Deploying DeepSeek Model on AWS Inferentia with vLLM
The DeepSeek model, particularly optimized versions like DeepSeek-R1-Distill-Llama-8B and 70B, is designed to enhance inference efficiency, making it well-suited for deployment on AWS Inferentia. The vLLM library provides a flexible and optimized model serving capability.

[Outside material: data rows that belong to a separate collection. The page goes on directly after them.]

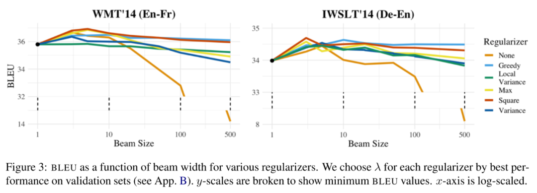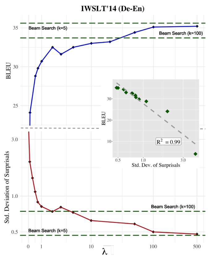 作者在机器翻译任务(IWSLT'14 De-En, WMT'14 En-Fr)上验证UID正则化的有效性,由于只是对解码过程做实验,不需要自己建立模型,所以作者直接调用了fairseq中基于Transformer的翻译模型,作者在不同的正则化强度 下,在测试集上使用Dijkstra算法求得上述加上UID正则项的优化目标的全局最优解,然后使用SacreBLEU评分系统为生成的翻译打分。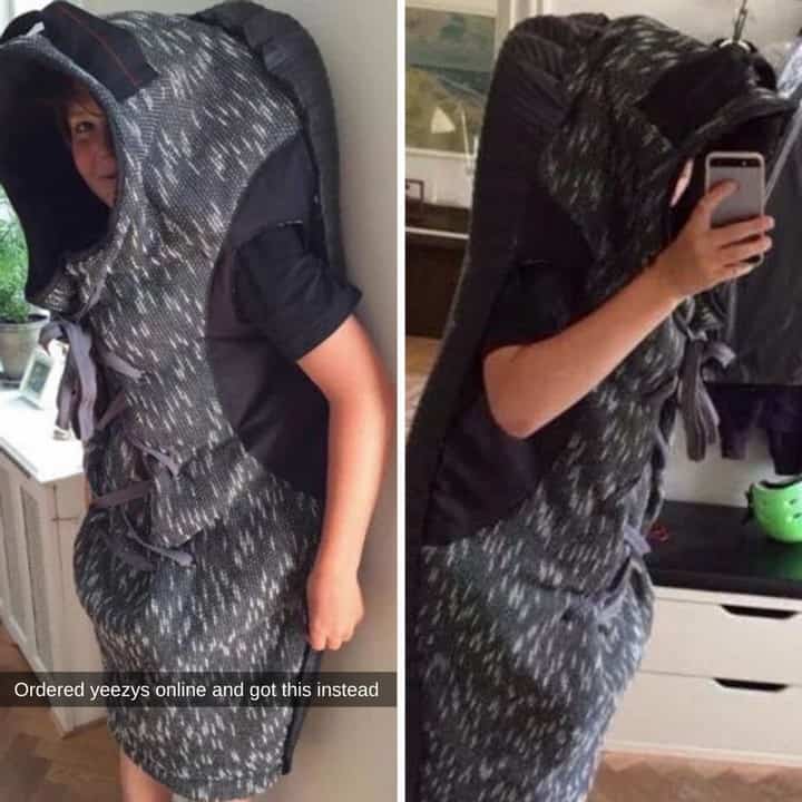 One drawback of online shopping for clothes or accessories is the inability to gauge whether the size will be a good fit. This individual ordered a pair of Yeezys online and received one so oversized that it could function as an outfit in itself.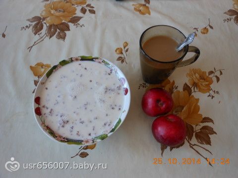 гречка с молоком (съела половину), кофе с молоком, 1 яблоко (второе не осилила)...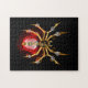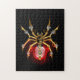 Mechanical, steampunk spider with gold, brass gears and a red glass lamp on a black background. Steampunk style.

This guide walks you through deploying the DeepSeek model on an AWS EC2 instance using vLLM in a professional and efficient manner.
Copy the public DNS of the instance and connect using the following command:
ssh -i /path/to/key-pair.pem ubuntu@instance-public-dns-name
Ensure the key pair file has the correct permissions set to 400.
source /opt/aws_neuronx_venv_pytorch_2_5_nxd_inference/bin/activate
sudo apt-get install git-lfs
git lfs install
git clone https://github.com/vllm-project/vllm
cd vllm
pip install -U -r requirements-neuron.txt
pip install .
Ensure that
huggingface-cliis installed in your environment before proceeding.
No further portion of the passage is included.